▶ _TASK DESCRIPTION_
This calls for a verbatim copy of all the data, with no images carried over.

▶ _STORED DATA_
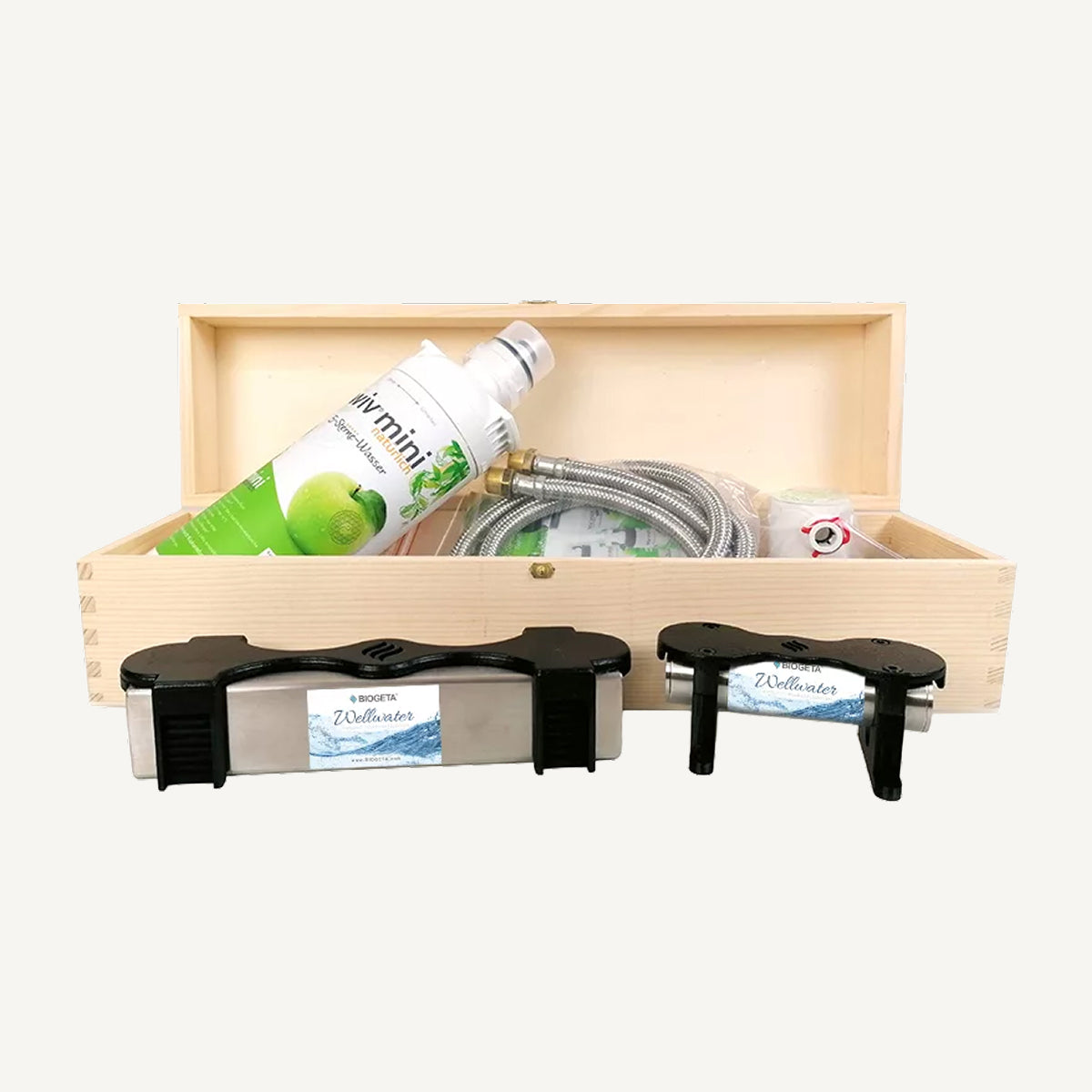 WiV® Mini Filter (optional): Filtert Chlor, Sedimentkalk, Medikamentenreste, Schwermetalle, Mikroplastik & mehr. Mineralien bleiben erhalten. Filterkerze: ca. 1 Jahr Haltbarkeit.
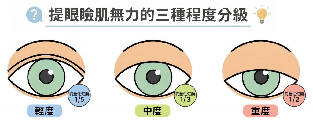 - 重度:眼皮蓋住虹膜上緣距離大於5mm(約蓋住虹膜1/2)。
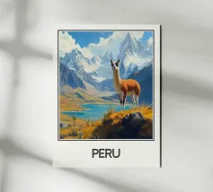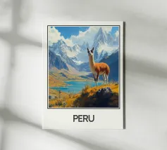 Un magnifico poster che cattura la bellezza selvaggia del Perù, con un maestoso lama che domina un paesaggio di montagne innevate e laghi cristallini. Una scena iconica che riflette l'essenza delle Ande e la ricchezza naturale del Paese.
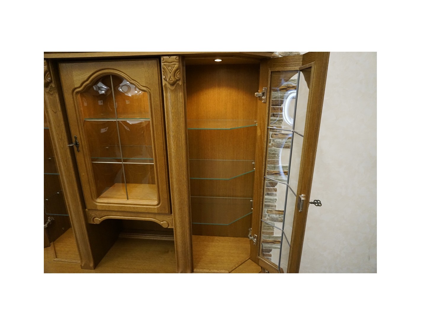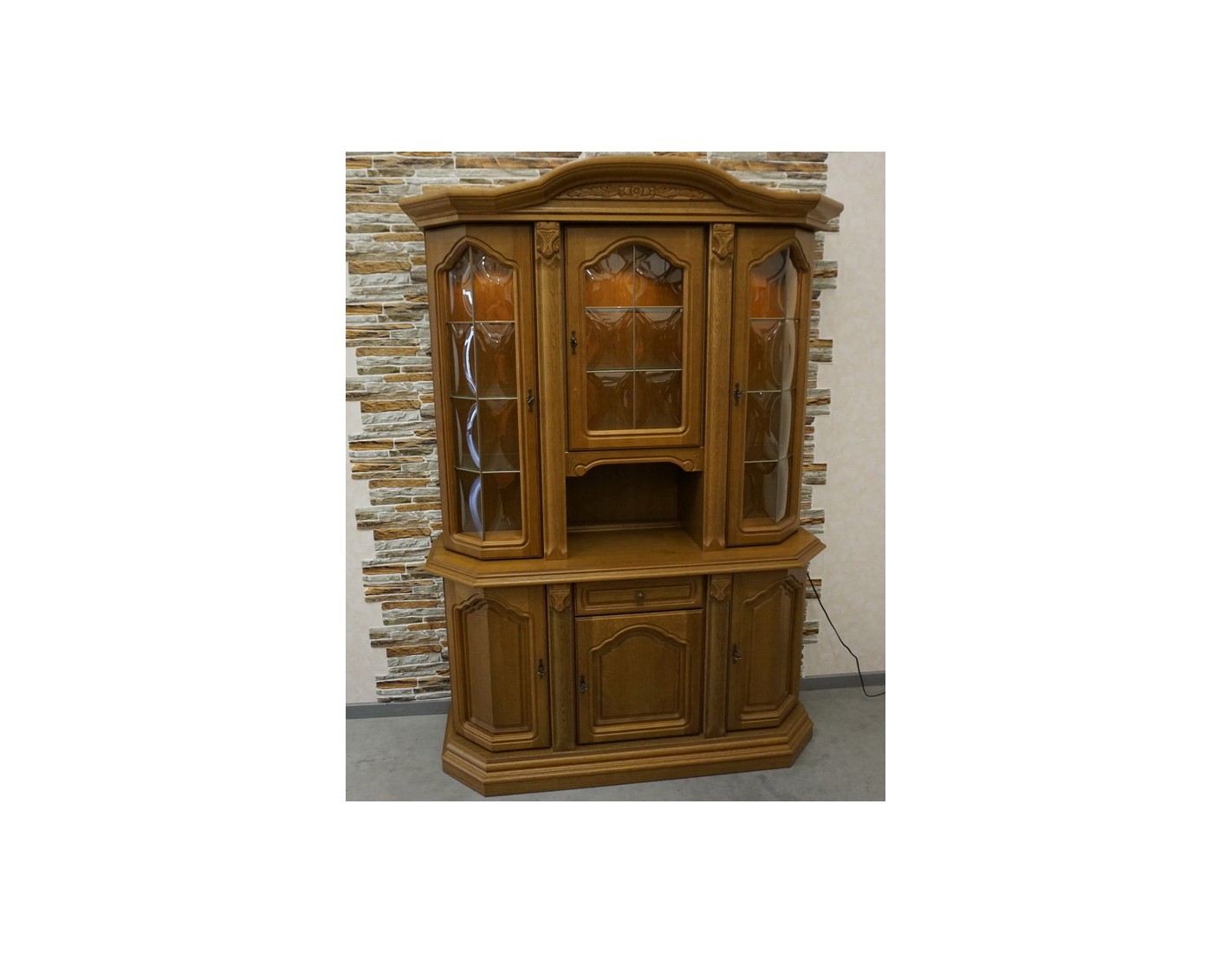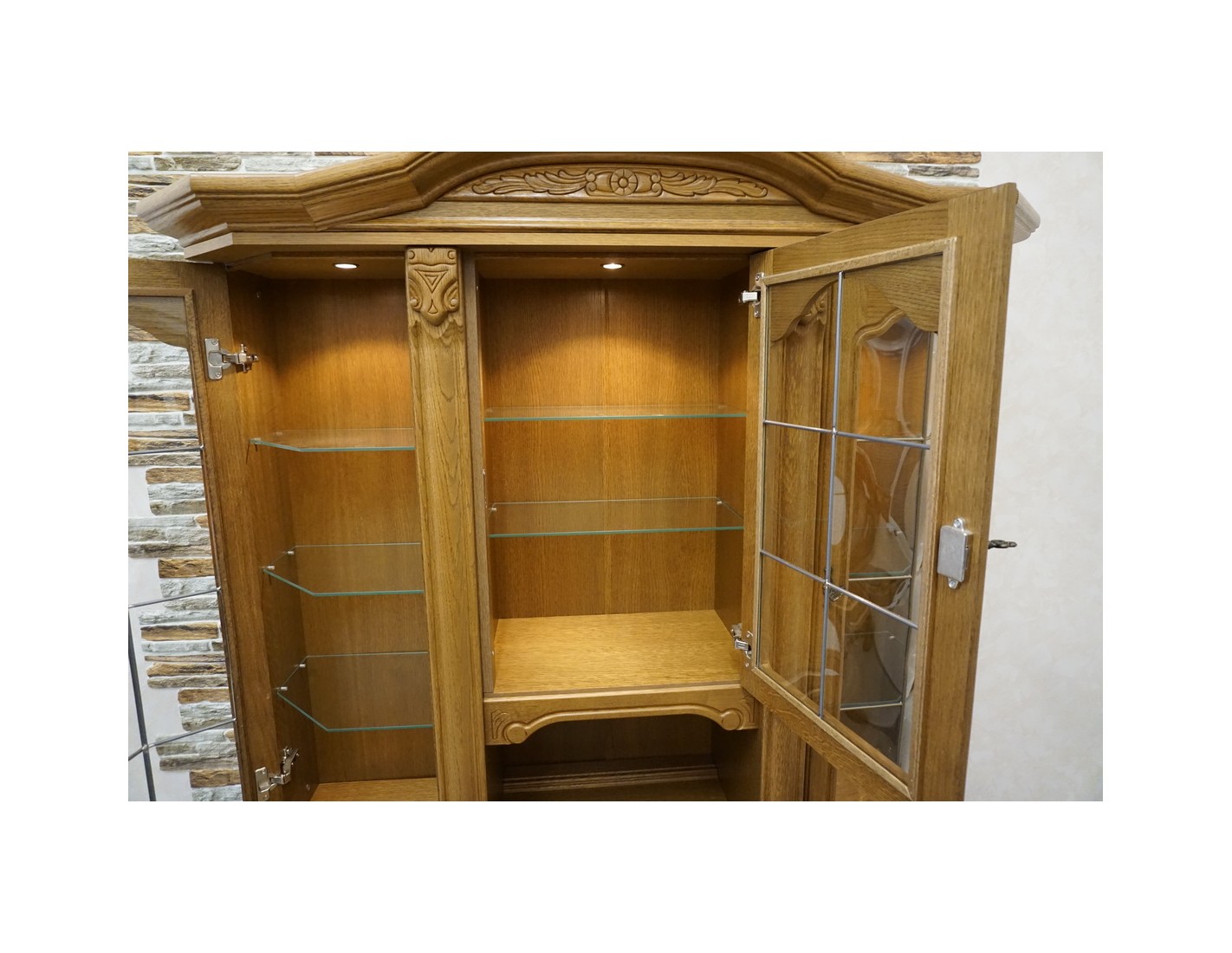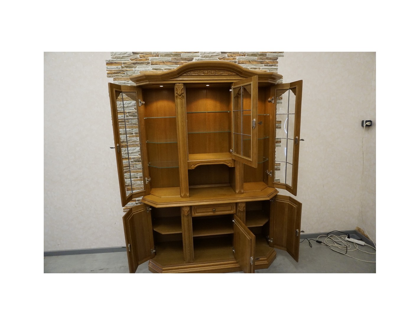 WITRYNA Z KOMODĄ, PODŚWIETLANA, O SZEROKOŚCI 145 CM, GŁĘBOKOŚCI 49 CM I WYSOKOŚCI 205 CM, TO ELEGANCKI I FUNKCJONALNY ELEMENT WYSTROJU WNĘTRZA. SZKLANE PÓŁKI W GÓRNEJ CZĘŚCI DODAJĄ LEKKOŚCI I POZWALAJĄ NA WYEKSPONOWANIE PRZECHOWYWANYCH PRZEDMIOTÓW. DODATKOWO, NA OSTATNIM ZDJĘCIU ZNAJDUJE SIĘ DRUGA WITRYNA PASUJĄCA DO TEJ, CO ZAPEWNIA MOŻLIWOŚĆ STWORZENIA SPÓJNEGO I HARMONIJNEGO ARANŻU W POMIESZCZENIU.

▶ _SOLUTION FOR THIS PROBLEM_
 WiV® Mini Filter (optional): Filtert Chlor, Sedimentkalk, Medikamentenreste, Schwermetalle, Mikroplastik & mehr. Mineralien bleiben erhalten. Filterkerze: ca. 1 Jahr Haltbarkeit.
 - 重度:眼皮蓋住虹膜上緣距離大於5mm(約蓋住虹膜1/2)。
 Un magnifico poster che cattura la bellezza selvaggia del Perù, con un maestoso lama che domina un paesaggio di montagne innevate e laghi cristallini. Una scena iconica che riflette l'essenza delle Ande e la ricchezza naturale del Paese.
 WITRYNA Z KOMODĄ, PODŚWIETLANA, O SZEROKOŚCI 145 CM, GŁĘBOKOŚCI 49 CM I WYSOKOŚCI 205 CM, TO ELEGANCKI I FUNKCJONALNY ELEMENT WYSTROJU WNĘTRZA. SZKLANE PÓŁKI W GÓRNEJ CZĘŚCI DODAJĄ LEKKOŚCI I POZWALAJĄ NA WYEKSPONOWANIE PRZECHOWYWANYCH PRZEDMIOTÓW. DODATKOWO, NA OSTATNIM ZDJĘCIU ZNAJDUJE SIĘ DRUGA WITRYNA PASUJĄCA DO TEJ, CO ZAPEWNIA MOŻLIWOŚĆ STWORZENIA SPÓJNEGO I HARMONIJNEGO ARANŻU W POMIESZCZENIU.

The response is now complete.